From OUR UNITARIAN HERITAGE, 1925 by Earl Morse Wilbur

Two years after Bidle's death this work [i.e. A Twofold Catechism] was translated into Latin for circulation on the Continent by Nathaniel Stuckey, a lad of fifteen who had been a member of his congregation and was warmly attached to him. The boy died at sixteen, and the next year his mother undertook charge of the education of two of the children of Christopher Crellius, a distinguished Polish Socinian in exile.

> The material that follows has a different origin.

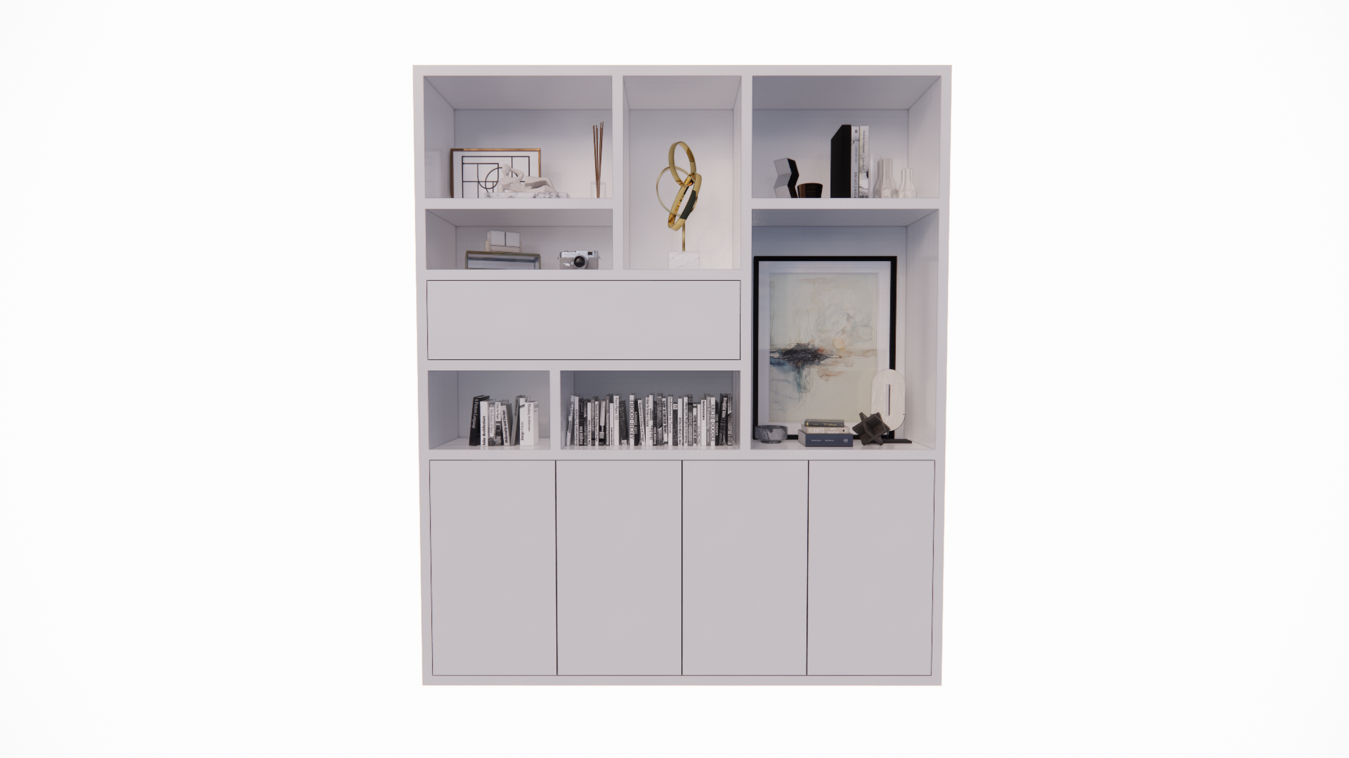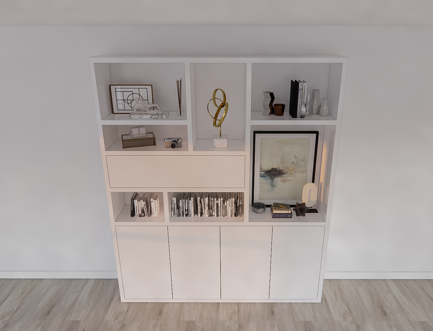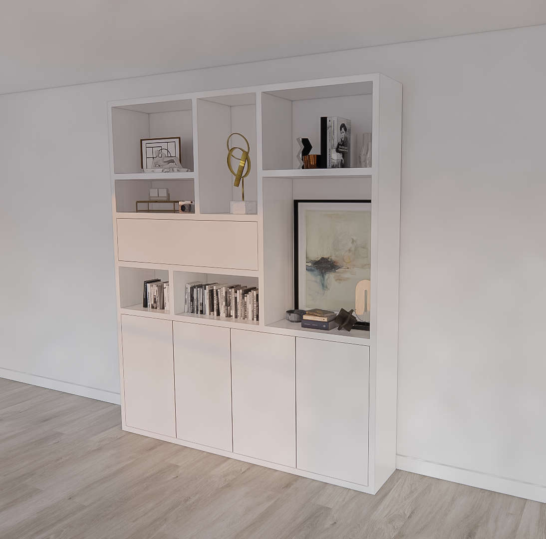 >Mit seiner Klapptür im Oberschrank bietet der Mastella Schrank eine praktische Aufbewahrungslösung für Dinge, die Sie nicht immer brauchen, während die offenen Fächer Platz für die Präsentation Ihrer Lieblingsstücke bieten. Die vier Push-to-Open-Türen im unteren Bereich ermöglichen einen einfachen Zugriff auf den Stauraum, ohne dass Griffe den cleanen Look stören.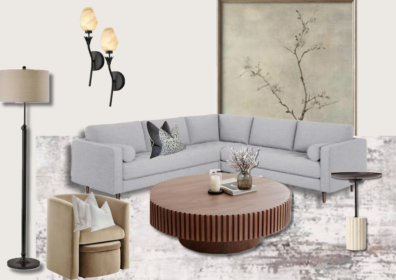 * Key furniture & lighting direction - the pieces that anchor the room

This indicates close relations between Bidle's followers and the Socinians on the continent. (Etc.)

Boston : Beacon Press 1925, Note on p. 304.

 

From SOCINIANISM IN SEVENTEENTH-CENTURY ENGLAND, 1951 by John McLachlan

 

London Socinians
Of the three Socinian groups reported to be meeting in London in 1676, according to a Government informer, one met 'at the house of Mrs. Stutsky, a Polander's wife'. She is said to be entertaining 'young Crellius and his wife and other Socinians, and has meetings there upon set dayes'.1 The regular meeting fourteen years after the death of John Bidle is a fact to be noted, even though the report, typical of its kind, is garbled and unreliable in regard to detail. Mrs. 'Stutsky' was indeed no 'Polander's wife' but an Englishwoman and, not improbably, the widow of Hugh Stuckey, a merchant-tailor of St. Sepulchre, London, whose will was proved in 1665.2 Her only connexion with Poland was her friendship with Christopher Crell, son of the famous Socinian theologian, John Crell, whose [i.e. Christopher's] eldest son and daughter she adopted in 1668.3

A letter of Henry Hedworth, 5 June 1662, to which reference has already been made,4 shows that Christopher Crell, senior, visited England in that year. (Etc.)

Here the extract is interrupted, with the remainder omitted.